# Big Data

Date: September 26, 2023

In [1]:
import numpy as np
import matplotlib.pyplot as plt
plt.style.use('default')
plt.rc('text', usetex=True)
plt.rc('font', family='serif')
plt.rc('font', size=18)
plt.rc('axes', titlesize=18)
plt.rc('axes', labelsize=18)
plt.rc('xtick', labelsize=18)
plt.rc('ytick', labelsize=18)
plt.rc('legend', fontsize=18)
plt.rc('lines', markersize=10)

3V of big data:
- Volume: It is the amount of data that is generated from different sources like social media, machines, internet, etc. It is the size of data that determines the value and potential of the data under consideration and whether it can actually be considered as Big Data or not.
- Velocity: For Big Data, velocity is the rate at which data is generated and the speed at which the data moves from one point to another. The flow of data is massive and continuous.
- Variety: It refers to the many types of data that are available. It can be in the form of structured, unstructured, and semi-structured form. Structured data is organized and is typically found in databases, while unstructured data is chaotic and raw that cannot be organized or easily interpreted. Semi-structured data is a combination of both structured and unstructured data.

Example of structure, unstructured and semi-structured data:
- Structured data (Schema first): Relational database
- Unstructured data (Non-schema): Text, images, video, audio
- Semi-structured data (Data first): XML, JSON, HTML

BATCH vs STREAMING

Batch processing is a method of running high-volume data that is collected over a period of time. Batch processing is used for tasks that require processing large volumes of data where a group of transactions is collected over a period of time. Data is collected, entered, processed and then the batch results are produced (Hadoop, Spark, Hive, Pig, etc.).

Streaming data is data that is generated continuously by thousands of data sources, which typically send in the data records simultaneously, and in small sizes (order of Kilobytes). Streaming data includes a wide variety of data such as log files generated by customers using mobile or web applications, ecommerce purchases, in-game player activity, information from social networks, financial trading floors, or geospatial services, and telemetry from connected devices or instrumentation in data centers.

Robustness: The system should be able to recover from failure.
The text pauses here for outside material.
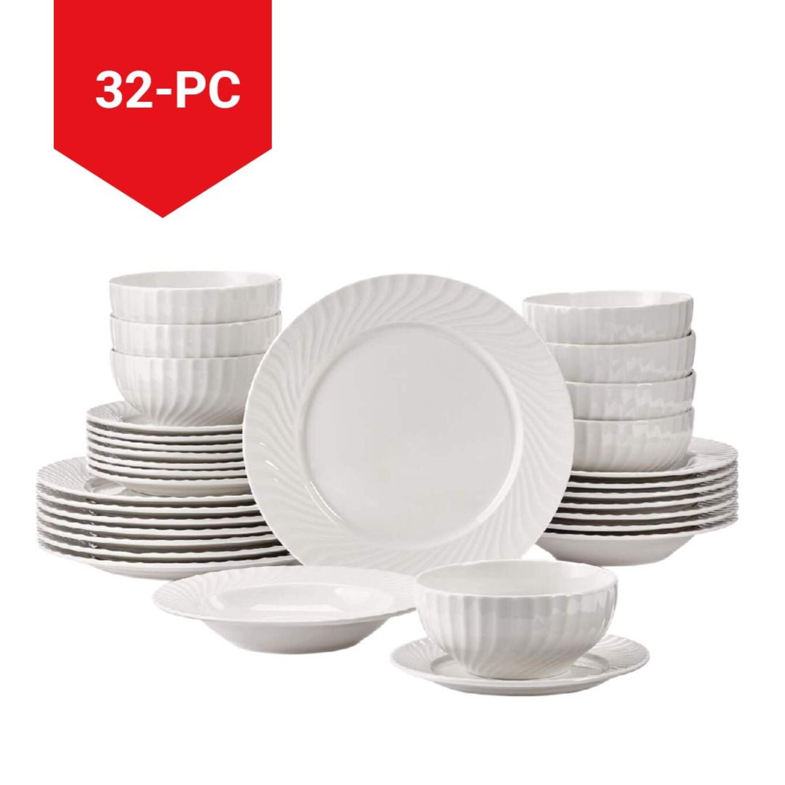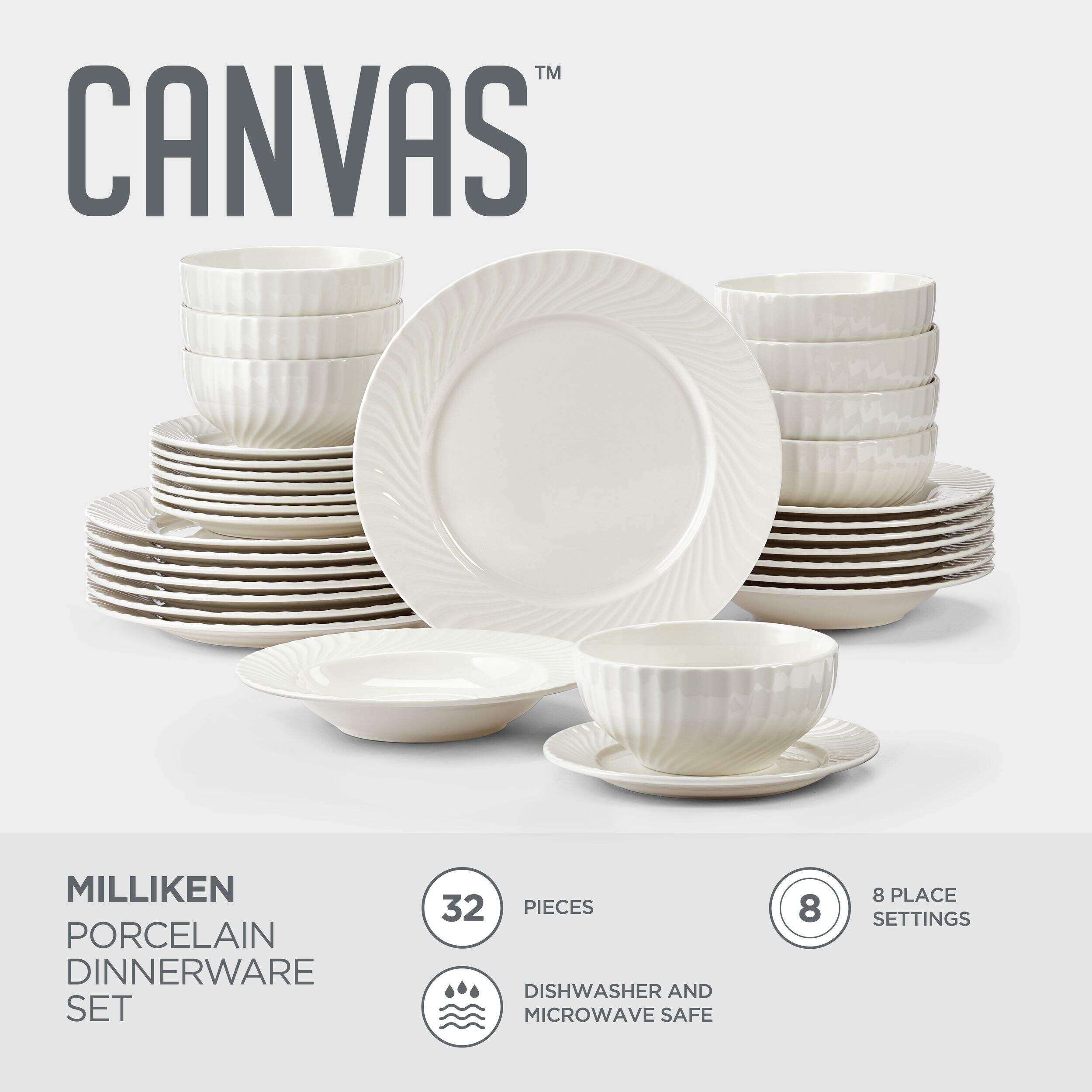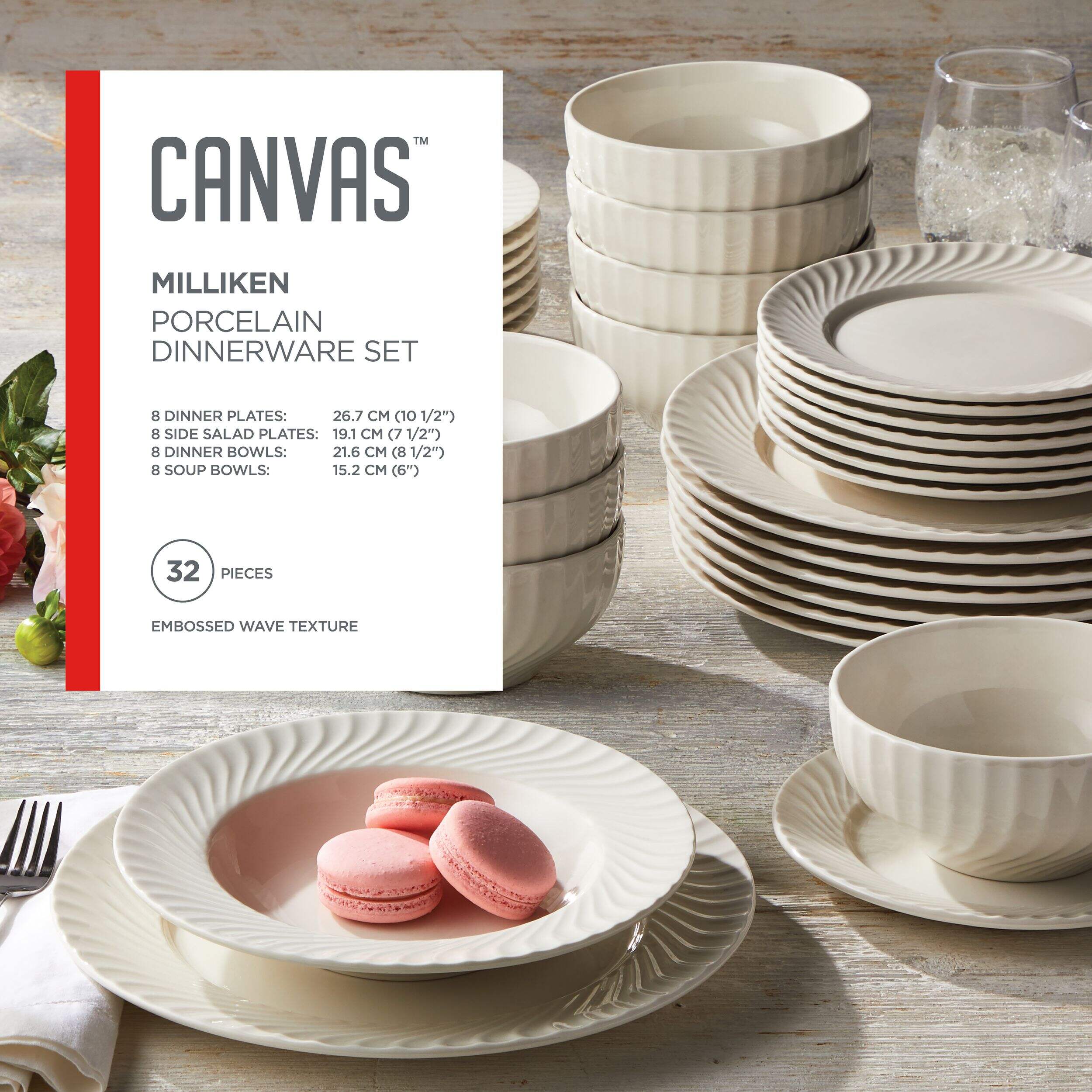The CANVAS Milliken Embossed Stoneware Dinnerware Set brings versatile style to everyday dining and entertaining. This 32-piece white stone dinnerware includes 8 each of dinner plates, soup bowls, salad plates, and bowls. Along with style and ease of use, these stackable pieces allow for convenient storage. With simple elegance and everyday durability, the CANVAS stoneware dinnerware provides the perfect backdrop for family meals or special occasions.
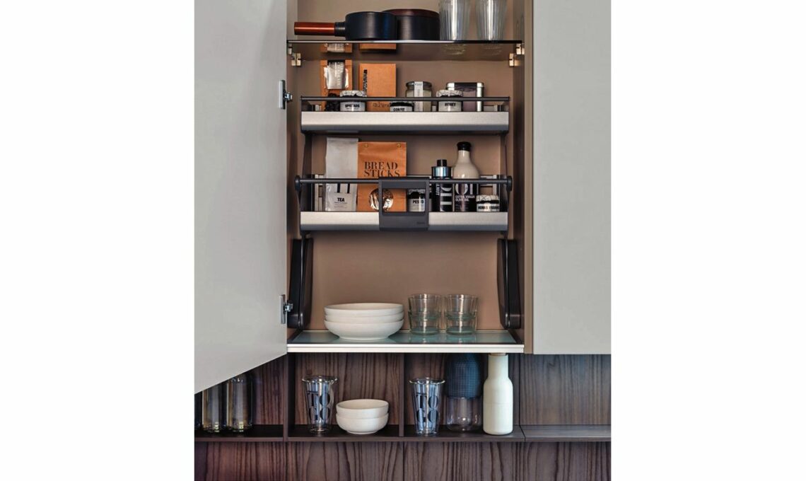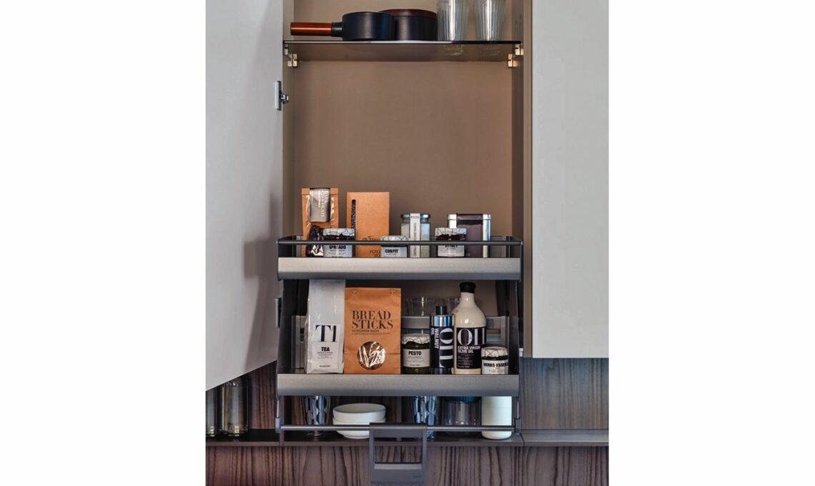 La cucina pratica deve essere utilizzata a tutte le età, quindi perché non attrezzarla con sistemi che ne agevolino l’uso? Come l’elemento estraibile iMove finitura antracite per i pensili: con un semplice gesto, i ripiani si muovono verso il basso e in avanti e prenderne il contenuto è facilissimo!

Moreover, it should be able to process data that is out of order or arrive late.

In [2]:
L = [2, 3, 1, 2, 1, 3, 4, 5, 6, 7]

In [3]:
from functools import reduce
M = reduce(lambda x, y: x + y, list(map(lambda x: 1 if x % 2 == 0 else 0, L)))
M1 = reduce(lambda x, y: x + y, list(map(lambda x: 1 if x % 2 != 0 else 0, L)))

In [4]:
M

4

In [5]:
M1

6

$$
P_{n, s} = \mathbf{A}_{n, m} \cdot \mathbf{B}_{m, s}
= \begin{bmatrix}
    a_{11} & a_{12} & \cdots & a_{1m} \\
    a_{21} & a_{22} & \cdots & a_{2m} \\
    \vdots & \vdots & \ddots & \vdots \\
    a_{n1} & a_{n2} & \cdots & a_{nm}
  \end{bmatrix}
  \begin{bmatrix}
    b_{11} & b_{12} & \cdots & b_{1s} \\
    b_{21} & b_{22} & \cdots & b_{2s} \\
    \vdots & \vdots & \ddots & \vdots \\
    b_{m1} & b_{m2} & \cdots & b_{ms}
  \end{bmatrix}
  
= P_{i, j} = \sum_{k=1}^m a_{ik} b_{kj}
$$

$$ 
\mathbf{A} (i, k, a) \rightarrow \mathbf{A} (row, column, value) \\
\mathbf{B} (k, j, b) \rightarrow \mathbf{B} (row, column, value) \\
\mathbf{P} (i, j, p) \rightarrow \mathbf{P} (row, column, value) \\
$$

In SQL, we can use the following query to calculate the matrix multiplication:
```sql
SELECT A.row, B.column, SUM(A.value * B.value) AS value
FROM A, B
WHERE A.column = B.row
GROUP BY A.row, B.column
```

In [7]:
A = [[1, 2, 3], [4, 5, 6]]
B = [[1, 2], [3, 4], [5, 6]]

MapReduce is a programming model and an associated implementation for processing and generating big data sets with a parallel, distributed algorithm on a cluster. A MapReduce program is composed of a map procedure (or method), which performs filtering and sorting (such as sorting students by first name into queues, one queue for each name), and a reduce method, which performs a summary operation (such as counting the number of students in each queue, yielding name frequencies).